I tried to set the stack size to a bigger size (default on Ubuntu is 8 kiB), but this sometimes causes problems with other software that is using threads. Also, it is hard for me to estimate the required stack size.
A critical part of the my code looks like
function mesh_build_cellnodes(nodes,Ncellnodes) implicit none integer(pInt), intent(in) :: Ncellnodes real(pReal), dimension(3,mesh_Nnodes), intent(in) :: nodes real(pReal), dimension(3,Ncellnodes) :: mesh_build_cellnodes integer(pInt) :: & e,t,n,m, & localCellnodeID real(pReal), dimension(3) :: & myCoords mesh_build_cellnodes = 0.0_pReal !$OMP PARALLEL DO PRIVATE(e,localCellnodeID,t,myCoords) do n = 1_pInt,Ncellnodes e = mesh_cellnodeParent(1,n) localCellnodeID = mesh_cellnodeParent(2,n) t = mesh_element(2,e) myCoords = 0.0_pReal do m = 1_pInt,FE_Nnodes(t) myCoords = myCoords + nodes(1:3,mesh_element(4_pInt+m,e)) & * FE_cellnodeParentnodeWeights(m,localCellnodeID,t) enddo mesh_build_cellnodes(1:3,n) = myCoords / sum(FE_cellnodeParentnodeWeights(:,localCellnodeID,t)) enddo !$OMP END PARALLEL DO end function mesh_build_cellnodes
where "mesh_Nnodes" can be in the range of 1000 to some Mio. According to https://software.intel.com/en-us/forums/topic/301590#comment-1524955, I understand that the "-heap-arrays" option will force the compiler to allocate "nodes" to the heap and not to the stack independently of the value given because its size is not known at compile time. A possible solution is, to give
-heap-arrays 8
as an compiler option since this seems to be a reasonable value for the stack size. In fact, on Ubuntu it is
ulimit -s 8192
My application runs fine with that (but would crash when I do not use the compiler option). The other possibility is still to unlimit the stack size (and omit the compiler option).

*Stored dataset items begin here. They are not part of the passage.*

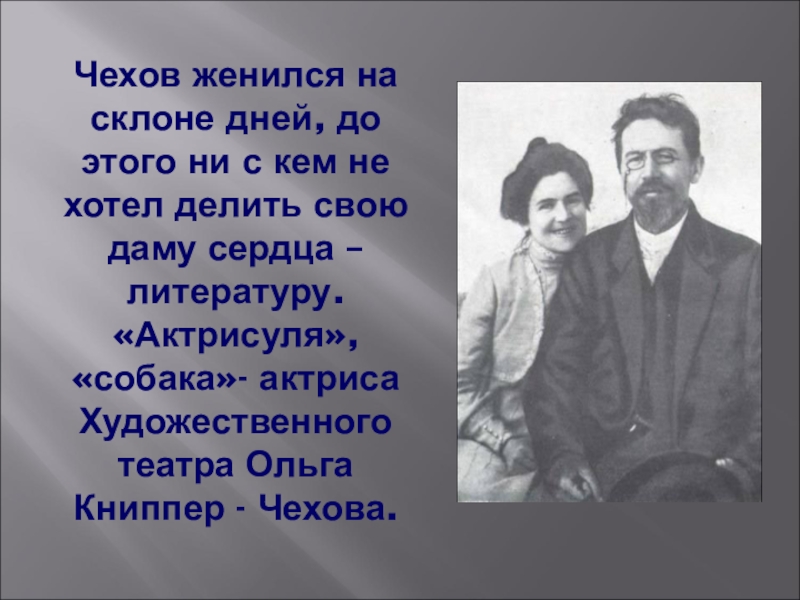 хотел делить свою даму сердца – литературу. «Актрисуля», «собака»- актриса Художественного театра Ольга Книппер - Чехова.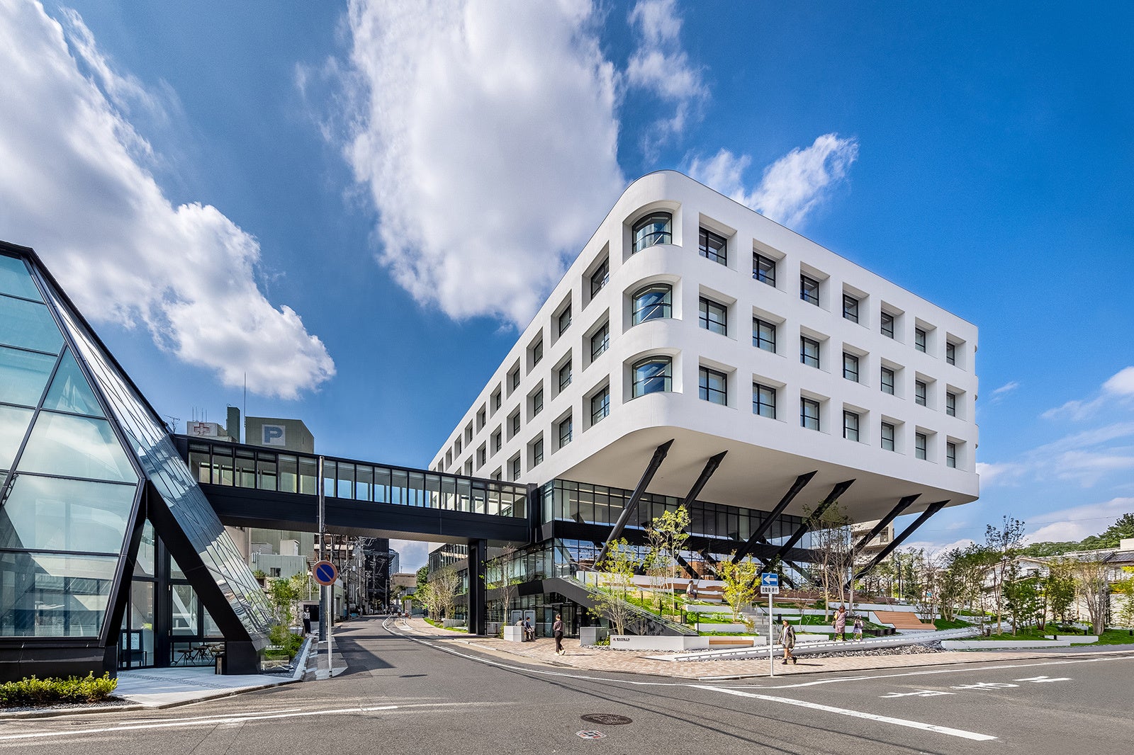 本計画の特徴である緑の丘のキャンパス広場は公開空地として地域住民の方も自由に利用でき、学生さんと地域社会の接点になっています。広場を登りきると建物2階にアクセスし、吹抜周りに学生の居場所・学習の場を持つラーニングステップにつながり、地域社会と大学機能が緩やかに連続する計画としました。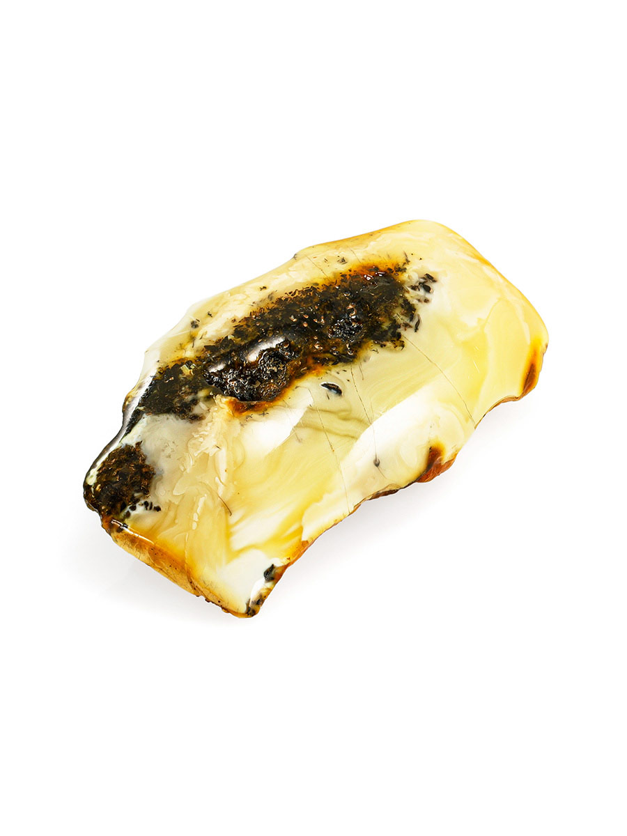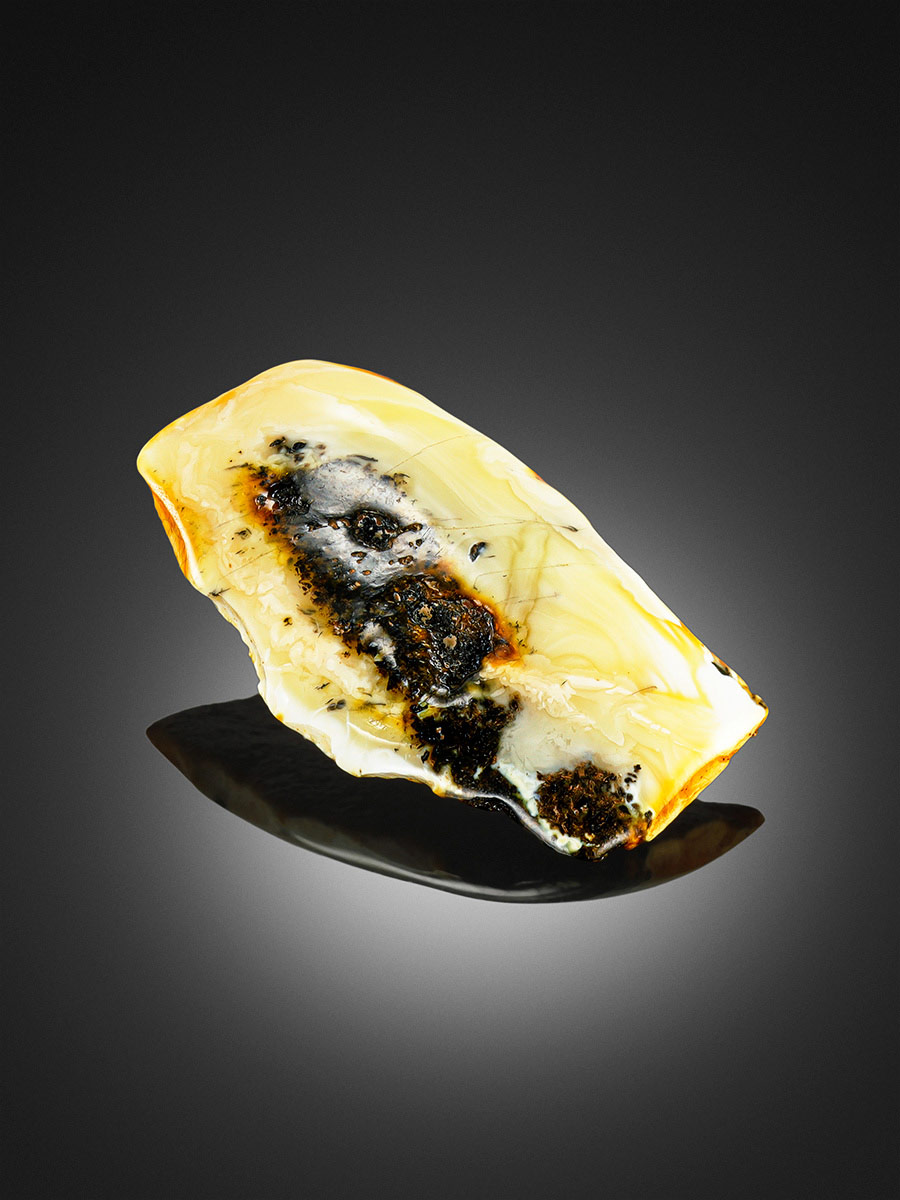 Сувенирный кусочек янтаря с пейзажной текстурой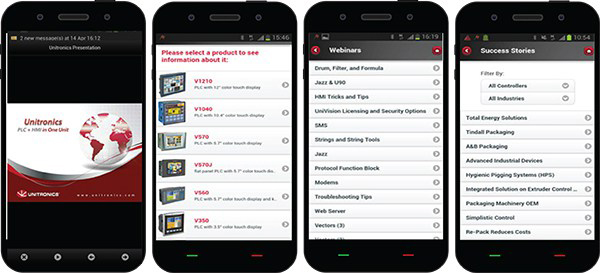 | Bez obzira da li koristite Android OS ili Apple iOS prezmite Unitronics aplikaciju koja sadrži kompletni pregled programa Unitronics uređaja, predstavlja korisne aplikacije/primene, prezentacije mogućnosti, webinare, kontakt informacije. Unitronics aplikacija dostupna je besplatno na Google Play Store i Apple App Store. |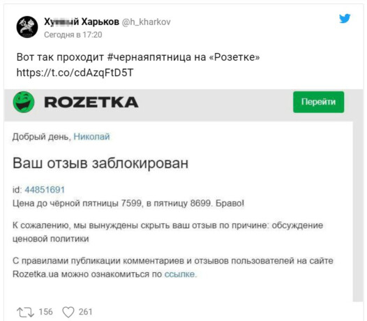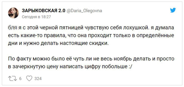 Конечно, это не относится ко всем компаниям и сайтам в рунете. Многие действительно подготовили честные распродажи с достаточно большими скидками. Но в соцсетях всё равно получила популярность фраза «подожду до конца „Чёрной пятницы“, когда всё снова подешевеет».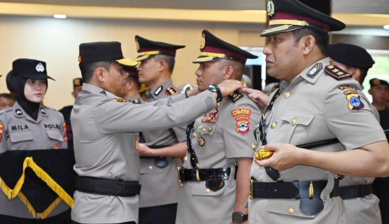 Selain empat jabatan Kapolres, dilantik juga Komandan Satuan Brimob Kombes Pol Muhajir, Direktur Lalu Lintas Kombes Pol Robertho Pardede, Karolog Kombes Pol Mukhamad Safei dan Wadir Polairud AKBP Gatot Istanto.(ds/antara)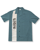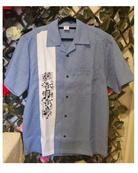 Men's Music Note 50s Style Bowling Shirt in Blue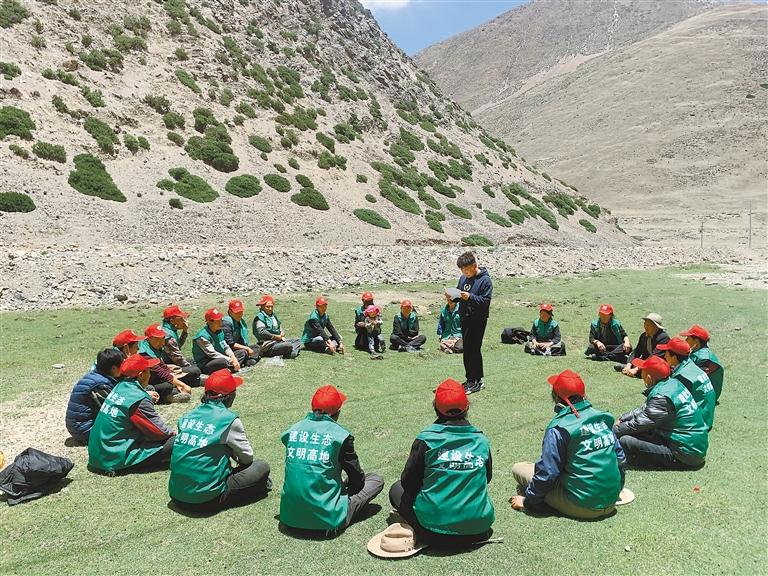 圖為美巴切勤鄉(xiāng)干部向護(hù)林員宣講生態(tài)環(huán)境保護(hù)政策。 記者 楊小娟 攝
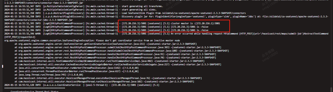 原因:2.3.3版本通过HazelcastInstance在非master节点上无法获取Master服务的相关实例;

Since removing the stack size limit (and omitting the heap-arrays option) will significantly improve the performance at a slightly higher memory consumption (according to the time command, see attached file), I would rather use this option.
Therefore, my question is, if this method has any disadvantages for an application running with 1 to 32 threads.
Thanks in advance for your contributions and apologies for raising this question again.